SOURCE DATA:
•••

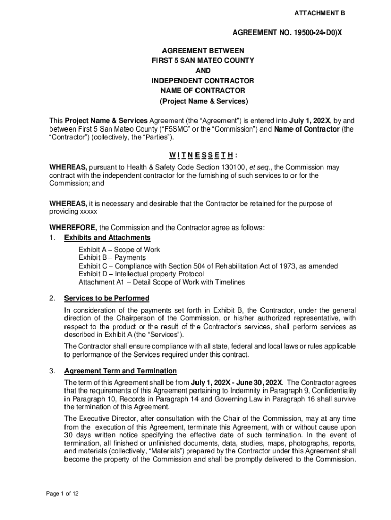 ATTACHMENT BAGREEMENT NO. 1950024D0)X AGREEMENT BETWEEN FIRST 5 SAN MATEO COUNTY AND INDEPENDENT CONTRACTOR NAME OF CONTRACTOR (Project Name & Services) This Project Name & Services Agreement (the
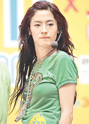 昨天柏芝穿上綠色T恤襯低腰褲作hip hop打扮,跳舞時(shí)卻配上“特別效果”,胸前出現(xiàn)“凸點(diǎn)”現(xiàn)象之余,黑色內(nèi)褲邊也隨著拍子頻頻曝光。柏芝更是語(yǔ)出驚人,在與fans跳舞時(shí),她竟向fans說(shuō):“你用下面(下半身)頂住記者就得!笔植晃。當(dāng)她唱《新聞女王》時(shí),有人假扮狗仔隊(duì)偷拍她,柏芝就用屁股把他頂開。
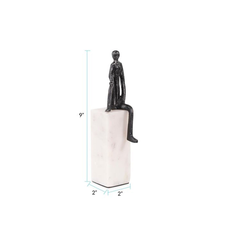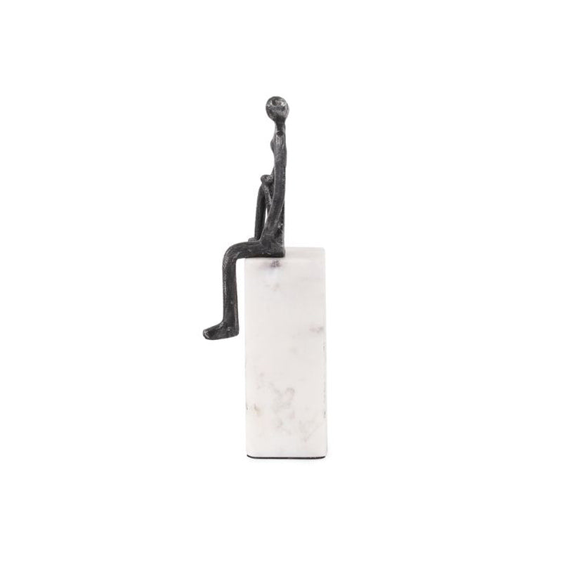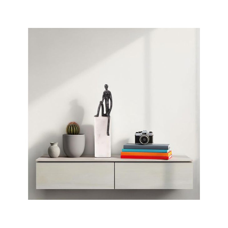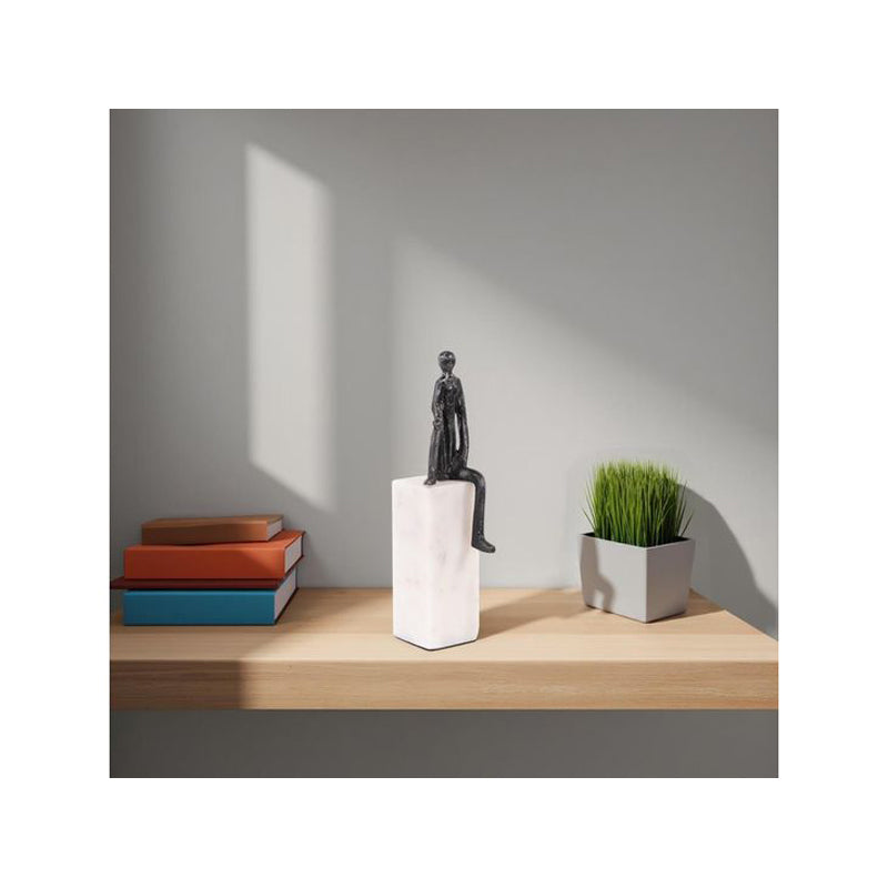 This sculpture features an Iron Man in a captivating pose, with one knee raised and a pose that exudes a sense of power and contemplation. The juxtaposition of the robust iron figure against the pristine white marble base adds a touch of contrast and elegance to the composition. This sculpture serves as a symbol of determination and resilience, capturing the essence of human potential and the enduring spirit of achievement. Sculpture

•••

WHAT YOU WILL DO:
Return only the lines from the start of the data through the line that contains "昨天柏芝穿上綠色T恤襯低腰褲", please, copying them exactly and omitting all pictures.

EXPECTED ANSWER:
 ATTACHMENT BAGREEMENT NO. 1950024D0)X AGREEMENT BETWEEN FIRST 5 SAN MATEO COUNTY AND INDEPENDENT CONTRACTOR NAME OF CONTRACTOR (Project Name & Services) This Project Name & Services Agreement (the
 昨天柏芝穿上綠色T恤襯低腰褲作hip hop打扮,跳舞時(shí)卻配上“特別效果”,胸前出現(xiàn)“凸點(diǎn)”現(xiàn)象之余,黑色內(nèi)褲邊也隨著拍子頻頻曝光。柏芝更是語(yǔ)出驚人,在與fans跳舞時(shí),她竟向fans說(shuō):“你用下面(下半身)頂住記者就得!笔植晃。當(dāng)她唱《新聞女王》時(shí),有人假扮狗仔隊(duì)偷拍她,柏芝就用屁股把他頂開。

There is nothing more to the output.